Вокруг расстилались зеленые поля и холмы, на которых паслись стада, а с вершин холмов открывался вид на синеющее вдали море.
Теперь они ехали молча. Каролина смотрела прямо перед собой, и дон Рамон, оказавшийся прекрасным наездником, то и дело поглядывал на нее с загадочным выражением.
Она не могла знать, что он грезит о совершенно несбыточном. Сейчас он видел свою спутницу хозяйкой огромного роскошного особняка, который он купит для нее. Видел, как она изящно откинулась на сиденье роскошного экипажа, экипажа, которым ему, вероятнее всего, никогда не придется владеть. Он представлял, как они проезжают по Гаване и все с завистью смотрят на его спутницу. Он видел Каролину, украшенную жемчугами и бриллиантами, достойными ее красоты; она плыла в танце на балу у губернатора, нет, не здесь, а в Мадриде, при дворе! Он видел, как ее представляют коронованным особам, и видел себя рядом с ней.

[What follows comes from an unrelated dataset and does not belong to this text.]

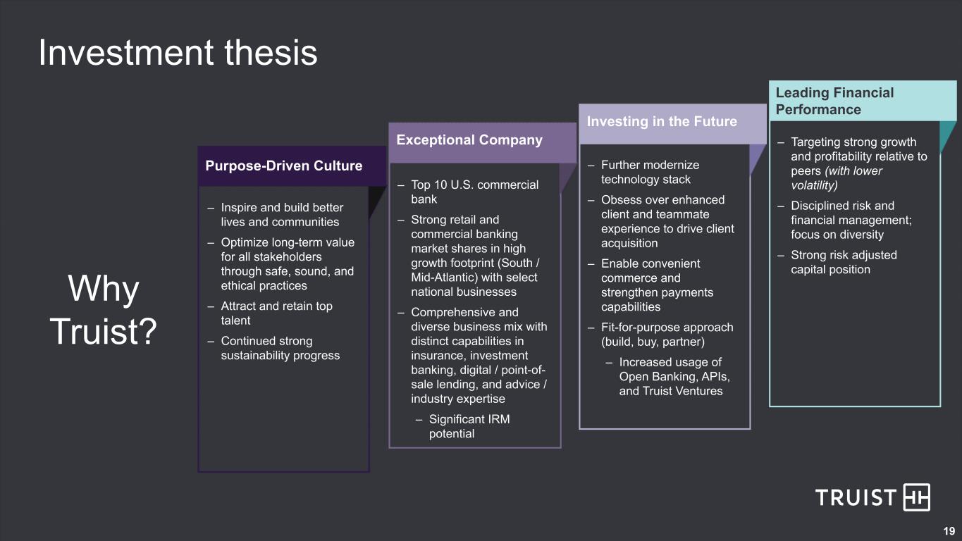 19 Investment thesis Why Truist? Purpose-Driven Culture Exceptional Company Investing in the Future Leading Financial Performance – Inspire and build better lives and communities – Optimize long-term value for all stakeholders through safe, sound, and ethical practices – Attract and retain top talent – Continued strong sustainability progress – Top 10 U.S. commercial bank – Strong retail and commercial banking market shares in high growth footprint (South / Mid-Atlantic) with select national businesses – Comprehensive and diverse business mix with distinct capabilities in insurance, investment banking, digital / point-of- sale lending, and advice / industry expertise – Significant IRM potential – Further modernize technology stack – Obsess over enhanced client and teammate experience to drive client acquisition – Enable convenient commerce and strengthen payments capabilities – Fit-for-purpose approach (build, buy, partner) – Increased usage of Open Banking, APIs, and Truist Ventures – Targeting strong growth and profitability relative to peers (with lower volatility) – Disciplined risk and financial management; focus on diversity – Strong risk adjusted capital position

Дон Рамон резко осадил коня у низкого холма, в тени пальмы. Справа от всадников раскинулось поместье с традиционной аллеей, ведущей к высокому дому с черепичной крышей, окруженному целой россыпью живописных строений.
— Это владения Переса де Кадалсо, — сообщил дон Рамон так, будто имя Кадалсо могло Каролине о чем-то говорить.
Она машинально кивнула.
— Перес де Кадалсо — отец донны Химены, — пояснил Рамон.
Каролина взглянула на дом уже с большим интересом.
— Значит, здесь донна Химена выросла, — пробормотала она.
— Да, они жили и здесь, и в Гаване — у них красивый дом в городе. У отца Химены еще два таких же поместья. Да плантация в джунглях.
— Тогда я понимаю, почему она вышла замуж за самого богатого человека в Гаване. Деньги, как говорится, к деньгам.
Спутник Каролины тоже смотрел на дом. Когда-то он горько сожалел о том, что не с тем обручилась первая невеста Гаваны, но теперь эта мысль перестала его угнетать.
Конечно, причиной этой перемены была женщина, которая ехала с ним рядом, женщина с серебряными искрами в глазах, сегодня отчего-то особенно грустных.
— Донна Химена благосклонна к дону Диего, — сказал он вдруг с грубой прямотой.
Пусть знает, если до сих пор еще не узнала, что его соперник увлечен другой женщиной.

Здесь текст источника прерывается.